Data warehouses are typically associated with traditional relational databases such as DB2, Oracle or SQL Server. Data is gathered from multiple sources, inconsistencies and duplication dealt with via some sort of pre-processing, and then a consistent set of data is loaded into a set of tables. There are usually one or more 'fact' tables (where the bulk of the data to be analysed is stored) and assorted 'dimension' tables (where master data, such as customer, product, location, asset is stored, giving context to the 'facts'). Once in the data warehouse, a wide array of business intelligence tools can be brought to bear, generating queries in SQL, the lingua franca of relational databases.
This is all well and good, but over recent years it has become apparent that not only are conventional data warehouses being stretched to handle growing data volumes - the Big Data of marketing speak - but that the licensing costs of the databases themselves, as well as the associated ETL and business intelligence tools, can be considerable.
Some organisations have started to experiment with an intriguing alternative approach. Big Data is usually associated with semi-structured data such as web logs and sensor data, and with the storage and processing of this data using Apache's open source software framework Hadoop and its associated file system HDFS. At first sight this offers little to interest data warehouse specialists, but there is a SQL implementation layer on top of Hadoop called Hive that is suitable for data warehouse applications.

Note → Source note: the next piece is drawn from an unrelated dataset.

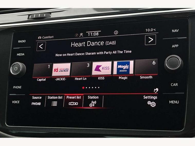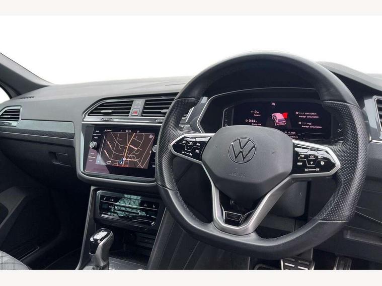 Adaptive cruise control ACC stop and go including speed limiter, App-Connect incl. App-Connect Wireless for Apple CarPlay and Android Auto, Bluetooth phone integration system, Digital Cockpit Pro - Active info display, Distance control assist, Driver alert system, Driver profile selection, Dynamic road sign display, eCall emergency call system, Electromechanical speed sensitive power steering, Engine start/stop button, Lane keeping system Lane Assist, Lights on warning, Multifunction front facing camera, Outside temperature display, Premium multifunction display with multi colour display, Remote control boot opening, Rev counter, Revision / skills operating concept travel assistant, Service interval indicator, Speed limit display, Start/stop system with regenerative braking, Trip computer, Warning sound and light for doors and tailgate open, Battery regeneration during braking, Charging cable Mode 3 Type 2 / 3 (16A), XDS electronic differential lock for improved traction and handling, 2 USB-C ports in the front, 1 USB-C charging socket on the center console in the rear, Diversity antenna for FM reception, Radio, SD card slot, Simultaneous pairing of 2 compatible mobile devices, SMS functionality - read, compose and send SMS messages using touch-screen display, Title and cover art display, Auto dimming interior rear view mirror, Automatic headlight control system, Black roof rails, Body colour door handles, Body coloured bumpers in R Line style, Body coloured door mirrors with integrated indicators, Chrome moldings on the side windows, Coming/leaving home lighting function, Dynamic headlight range control, Front and rear electric windows, Heated rear window, High level 3rd brake light, Laminated safety glass windshield, heat and sound insulating, LED rear number plate lights, License plate carrier in front and rear, Privacy glass for rear side windows and rear window, R Line body kit, R Line side sills, Rain sensor windscreen wipers, Rear exhaust tailpipe, Rear fog lamp, Rear side wing doors, Rear spoiler in R style, Rear windscreen washer and wiper with interval delay, Side and rear windows in heat insulating glass, Trailer Stability Programme, Unique R Line badging, Windscreen wipers/ intermittent wipe + 4 position delay, 12V outlet in center console rear and in luggage compartment, 12V outlet in front and tray, 2 cup holders in front, 2 LED front reading lights, 2 LED rear reading lights, 3 bench rear seats in 2nd row, 3 rear headrests, 4 load lashing points, 40:20:40 split folding rear seats, Air Care Climatronic 3 zone automatic climate control with enhanced air filter and controls in the rear, Backrest release for left front seat, Black headlining, Brushed stainless steel pedals and footrest, Carpet mats in front and rear with decorative stitching in Gray, Climate control unit rear with touch function, Door and side trim panel in foam film, insert in leatherette, Front centre armrest, Front footwell illumination, Front seats head restraints (x-adjustment), Height adjustable front seats, Height/reach adjust steering wheel, Instrument lighting white adjustable panel illumination, Interior light with delay, Isofix Preparation 2 Rear child seats, Leather gear knob, Lockable cooled glovebox, Luggage compartment lighting, Luggage net, Rear bench seat asymetrically split folding, longitudinally movable and folding with load-through hatch and center armrest, Remote unlocking for rear seat backrest, Removable luggage cover, Removable rear headrests, Safety optimised front head restraints, Single front passenger seat, Sliding/reclining rear seats, Standard rear seat release, Storage compartment in driver's door, Storage compartment in passenger's door, Storage compartment in rear doors, Storage compartments in luggage area left and right, Storage tray on dashboard, Sun visors with illuminated vanity mirrors, Top front comfort seats, Variable boot floor, height adjustable and removable, Ambience pack - Tiguan R Line, Driver assistance pack plus - Tiguan DSG, Park assist pack - Tiguan, 3 point seat belt for centre rear seats, 3 point seat belts with seat belt pretensioners for the outer rear seats, Active bonnet, Curtain airbags for front and rear passengers, Driver/Front Passenger airbags, Drivers knee airbag, Electronic parking brake with auto hold, Electronic Stability Control with driver steering recommendation, ABS, ASR, EDL, EDTC and trailer stabilization, Front assist with autonomous emergency braking (for Adaptive Cruise Control ACC up to 130 mph), Front disc brakes, Front passenger airbag deactivation, Front side airbags, Height adjustable front 3 point seatbelts + pretensioners, Hill hold control, Manual child proof rear door locks, Pedestrian monitoring system, Power assisted brakes, Proactive passenger protection system in combination with front assist, Rear disc brakes, Rigid safety cell with front and rear crumple zones, Two tone horn, Tyre pressure loss indicator, Warning sound and light for front seat belts if unfastened, Anti theft alarm system with interior monitoring, backup horn and towing protection, Anti theft wheel bolts, Electronic engine immobiliser, 20" Misano black with diamond turned surface alloy wheels with Airstop tyres, Tool kit, Tyre mobility kit Includes 12V compressor and tyre sealant,

Hive allows you to build a database schema and create tables, build indexes, and even partition tables using a SQL variant that any database administrator will be familiar with. Shielded from the internals by the Hive software layer, administrators can load data using similar commands, and once loaded, can query the data using HiveQL, which has familiar SQL constructions. The SQL queries are hived off to the underlying file system and an answer set returned.
Early results indicate that Hive is not as fast as traditional databases at real-time queries, but its inherent scalability means that it can perform well when executing batch queries, which are a major part of most data warehouse systems. Indeed some early comparative benchmarks have shown Hive outperforming a conventional SQL database running batch queries on a small test database, indicating linear performance as data volumes grew. It will be interesting to see such experiments tested on a much larger scale.
This approach is not just being used in laboratories. One US image-hosting company used Hive for its multi-terabyte data warehouse, and found it significantly outperformed their previous SQL-based warehouse on the most important queries. Another real-life case study has been with a US government agency, in which Hive successfully analysed billion of rows of spatial data which had previously crashed its SQL database.
Hive is in its infancy but presents an intriguing challenge to conventional approaches. No database licence fees are involved and it is likely that more tool support will follow for HiveQL, allowing a broader choice of query facilities than currently exists. There are challenges such as skills availability, but the pioneering efforts are certainly interesting.
An example of the growing Hive bandwagon can be seen with Quest Software, provider of the popular Toad database administration tools, already offering Hive support. Open source ETL company Pentaho also supports Hive data warehouses, providing an OLAP tool in the form of Mondrian and reporting capabilities. Analytics giant SAS has provided support for access to Hive tables as if they were native SAS data sets, allowing the rich set of data mining and predictive analytics that SAS provides to be applied to Hive data.
As experience grows and technologies mature, Hive could represent a serious open source alternative to conventional data warehouse approaches, initially at the lightweight end of the scale. Such competition will bring pressure on existing vendors to up their games, add greater value and review their pricing, which can only be a healthy thing for beleaguered customers. Roman Emperor Marcus Aurelius said: "That which is not good for the hive cannot be good for the bees." In this case, the growing success of Hive may well be good for the inhabitants of its ecosystem - the open source data warehouse community.